The Question We Don’t Want To Ask: Survival Strategies for a Miserable Job

The Question We Don’t Want To Ask: Survival Strategies for a Miserable Job December 4, 2015

Glass_exit_sign

Several years ago I was chatting with my nephew. I asked him what was one of the most valuable lessons he’d been taught by his father. His answer surprised me. It was this: “always assume it’s your fault.” My brother in law was not suggesting an over-functioning sense of responsibility for the faults of others. He was simply saying that ”if a situation goes south, look at yourself before pointing the finger of blame at others.”

I have counseled hundreds of people about work and personal issues over two and a half decades of service.   Most of them are very quick to blame their problems on others with very little if any scrutiny given to their own contribution to the situation. I see this pattern in myself—I’m an expert on the wrongs, deficiencies, and foolishness of others.   I don’t turn the gaze of scrutiny on myself as frequently or as ruthlessly.

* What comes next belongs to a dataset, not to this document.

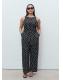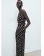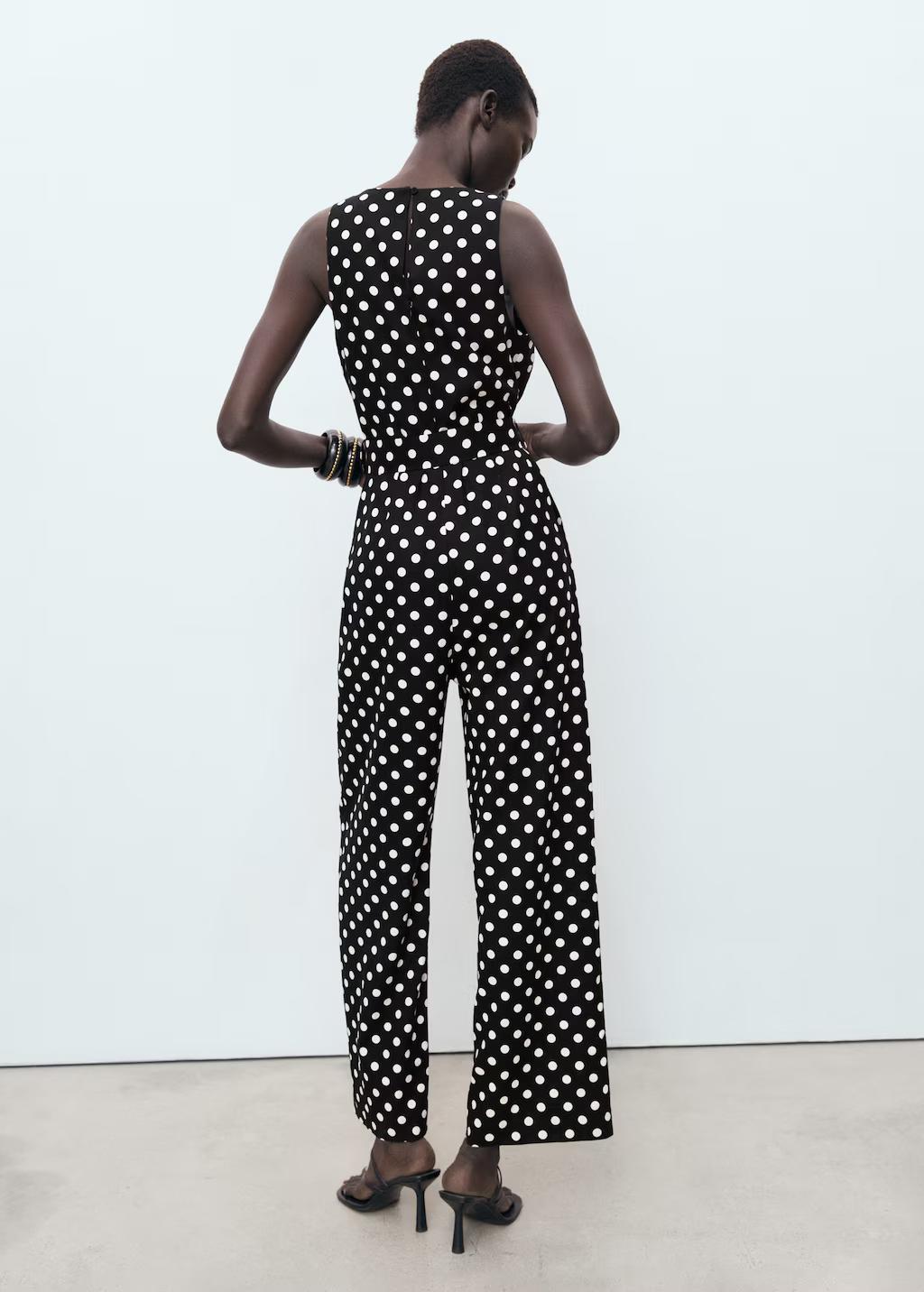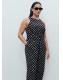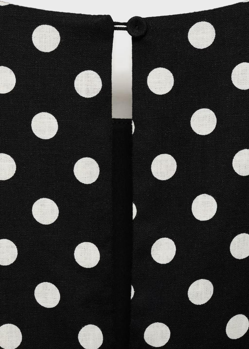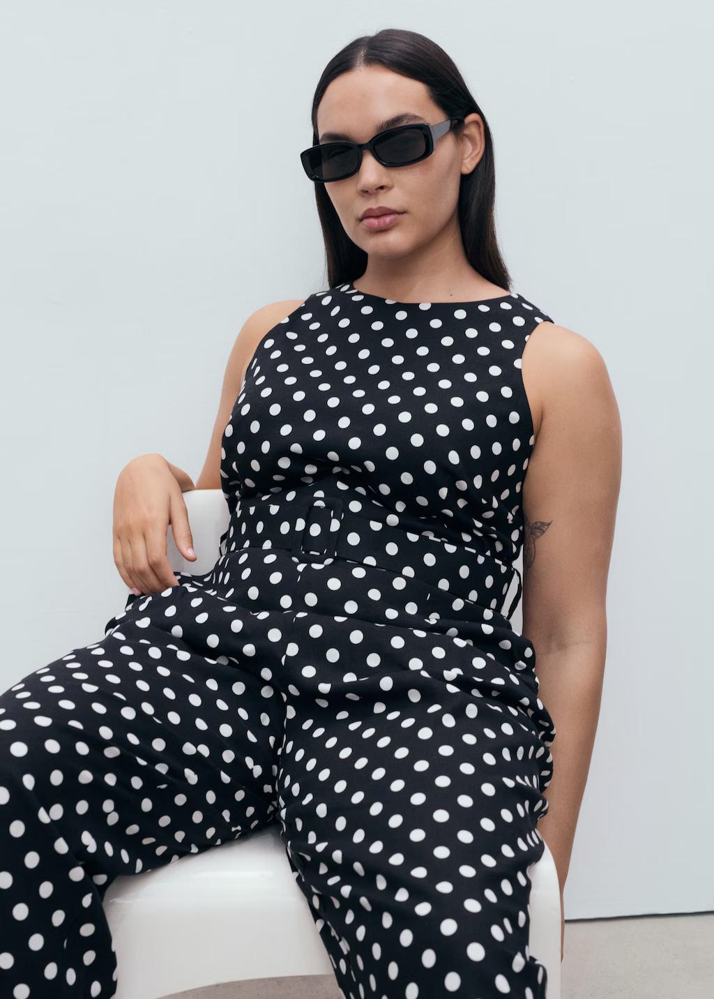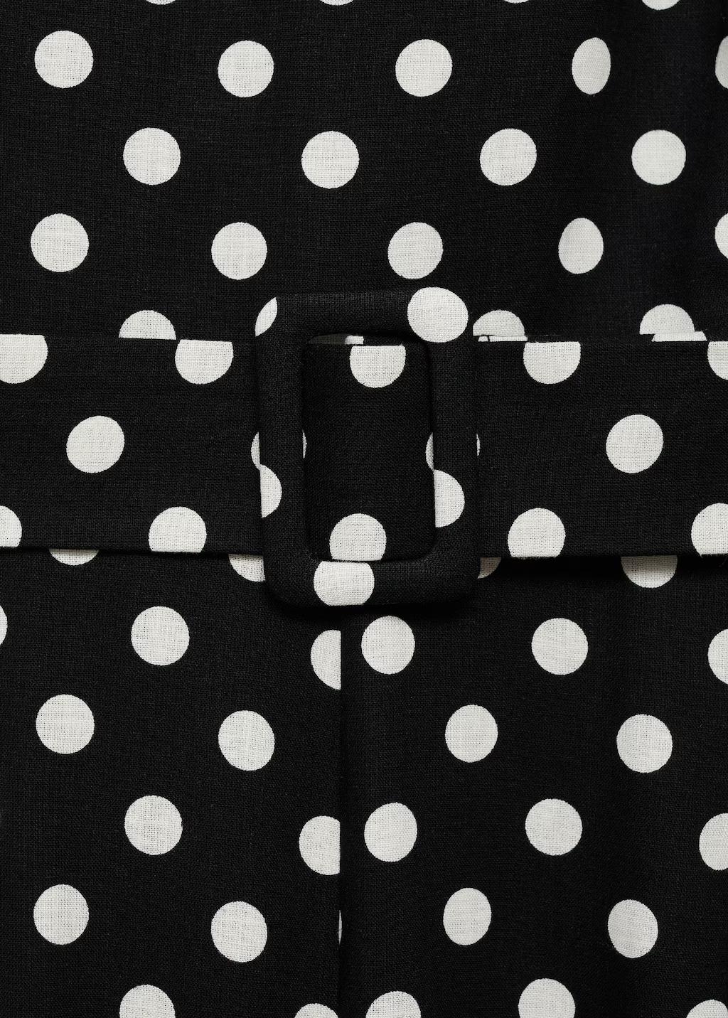 Tejido mezcla de lino. Diseño largo. Diseño recto. Estampado de lunares. Cuello redondo. Sin mangas. Tirantes anchos. Cinturón con cierre de hebilla. Cierre de botón en la parte posterior. Disponible Plus

Which leads me to a question we don’t want to ask when facing a miserable job.

 

Is It Me or The Job?

In the interest of efficiency, let me suggest the answer is almost always both. The boss, the system, the culture, etc., are broken, caustic, or simply not a good fit. Yet there is usually a broken part of us that plays along.   Here are 3 examples I’ve observed in myself and others, 3 ways we can make our jobs miserable.

  1. Mixed Motives: If I take a job because I’m desperate for income or need it for advancing my career, yet it does not match my talents and passions, I’m probably setting myself up for long-term misery.
  1. Conflict Avoidance: If my chief goal is peace keeping, than I will tend to tolerate dysfunction for such an extended amount of time that it becomes normal, expected, and therefore almost impossible to change.
  1. Crisis Creation: If I thrive on crises and rebuilding broken departments, I may passively neglect issues or even blow things up to feed by desire to drive dramatic change.

 

Jesus Called It Plank-Eye Syndrome

“Why do you look at the speck of sawdust in your brother’s eye and pay no attention to the plank in your own eye? How can you say to your brother, ‘Let me take the speck out of your eye,’ when all the time there is a plank in your own eye? You hypocrite, first take the plank out of your own eye, and then you will see clearly to remove the speck from your brother’s eye.” (Matthew 7:3-5 NLT)

What might it look like to have a “plank in in your eye” as you assess your current job?

 

Before You Head for the Exit…

Before heading to the exit from your miserable job, use the challenges as an opportunity to look inside and see what patterns of thought and behavior in you contribute to the misery. This brings two benefits. 1) it makes the miserable situation a little less miserable. And 2) you are armed with deeper levels of self-awareness, bringing a greater depth to your decision process as you look for something new.

 

How About You?

 In what ways do you make your work situation more difficult than it needs to be?